Hunt was raised in Alabama by his parents, Harold and Thelma Hunt. He attended Robert E. Lee High School in Montgomery, Alabama where he played several sports. According to the Montgomery Advertiser, he "came mighty close to signing a football scholarship at Troy State" but chose instead to play college baseball at Chattahoochee Valley Junior College. At Chattahoochee, he was converted to catcher and, after two years, continued his college baseball career at Alabama.

He was selected in the Major League Baseball draft after each of his three college seasons and finally signed with the St.
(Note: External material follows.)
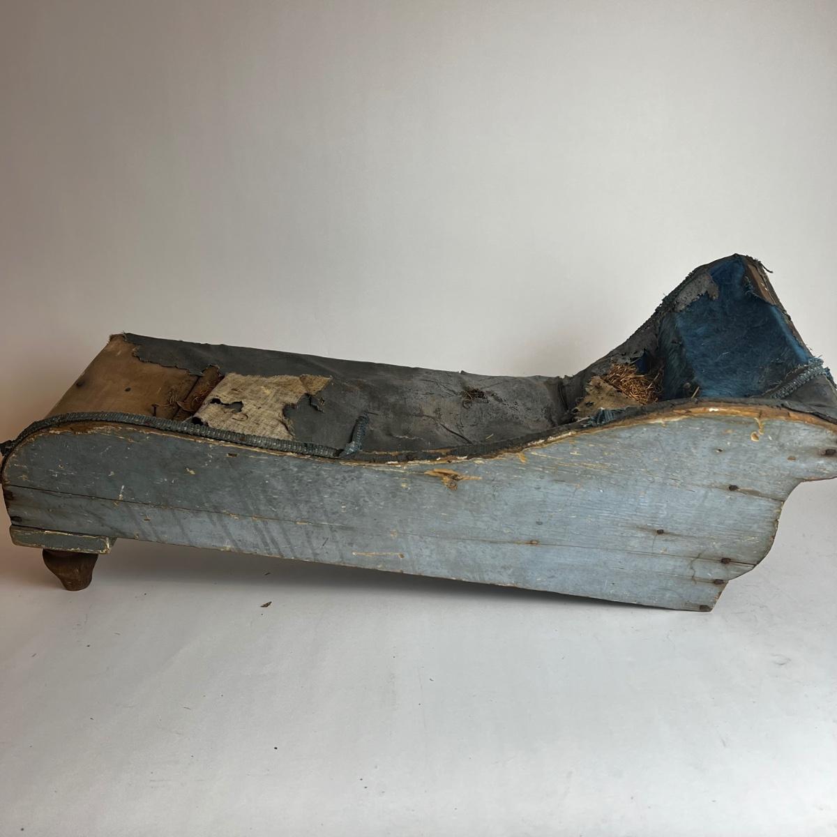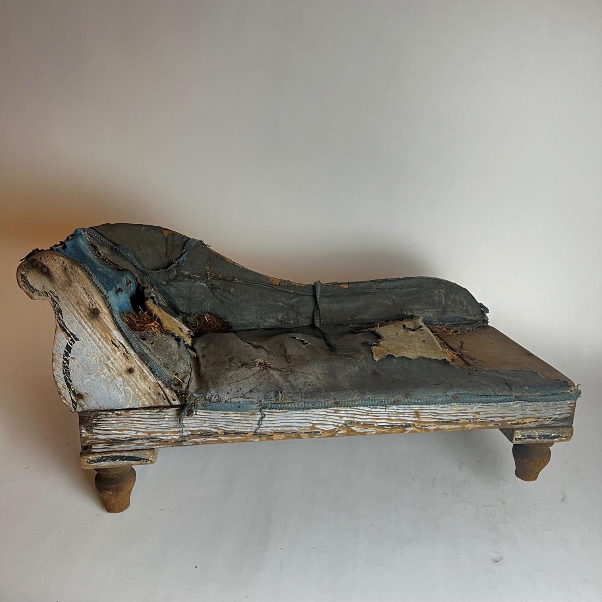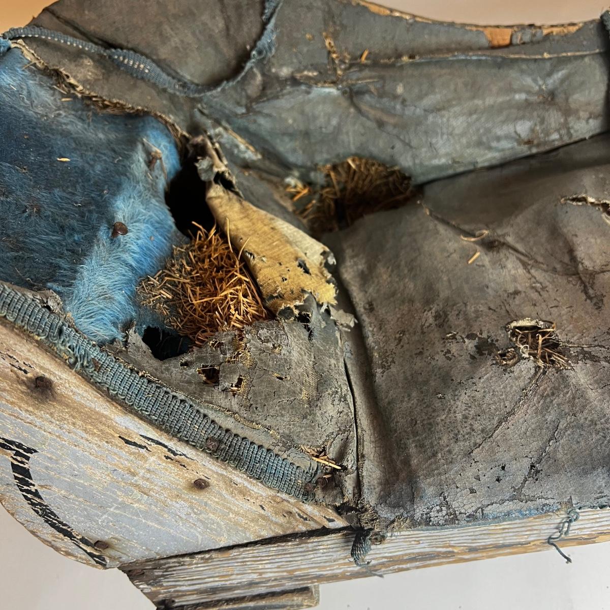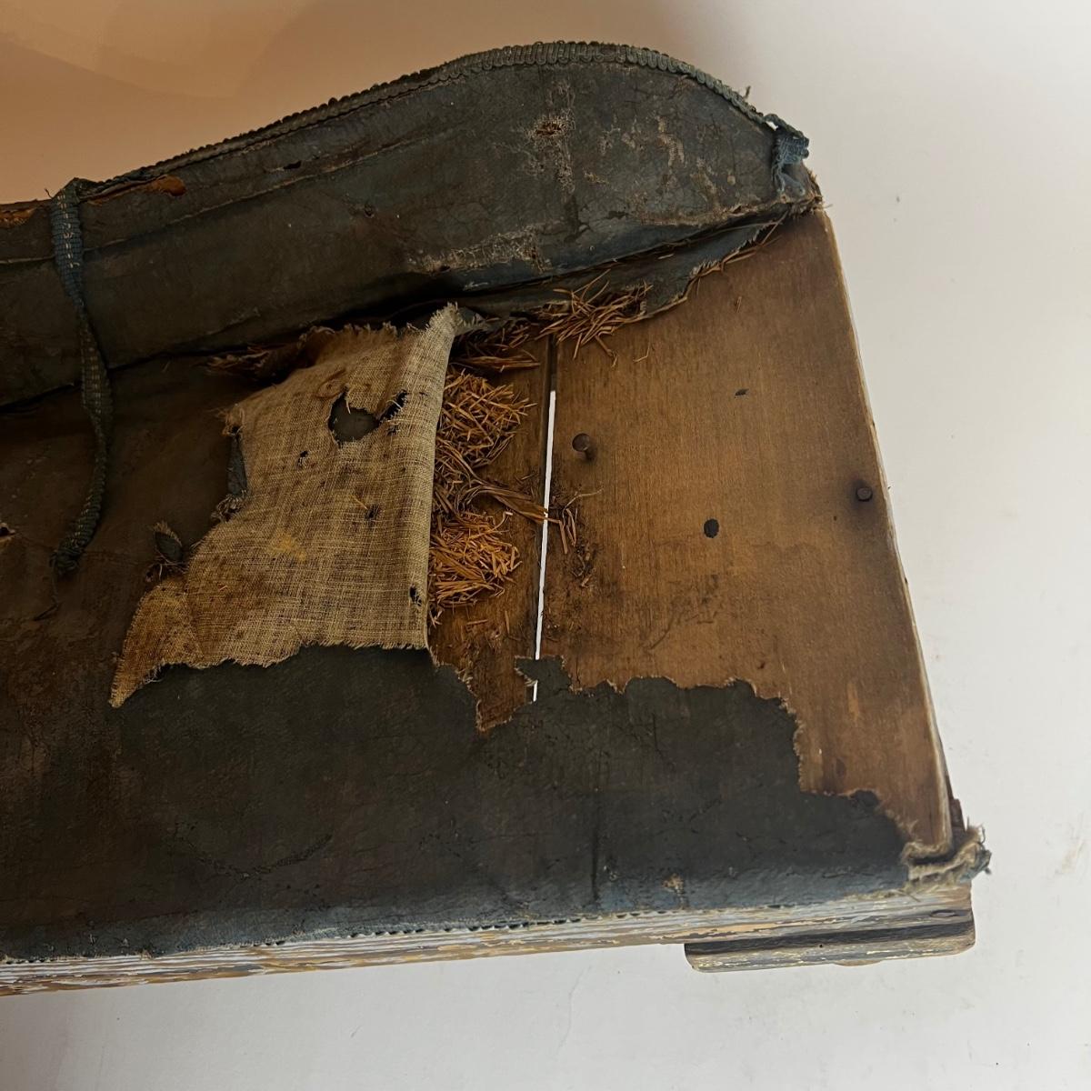 Is missing a back leg, stuffed with hay, the upholstery is damaged. Measures 24”L x 10”W

Louis Cardinals, who selected him in 1981 after his first season at Alabama. Hunt began to develop a drinking problem toward the end of the 1982 season but eventually won "a six-month bout with alcoholism" in 1983 after seeking help for himself, at which point he began advancing through the minor league system.

In June 1985, following an injury to catcher Darrell Porter, Hunt was called up to the Cardinals. On June 4, he recorded a hit in his first Major League at bat.

He had three hits in 19 at-bats in a total of 14 games. He moved to the Montreal Expos in the 1986 season. Hunt played in 21 games in 1986, with ten hits in 48 at-bats.

In a two-season career, he had a batting average of .194, with two career home runs and six RBI.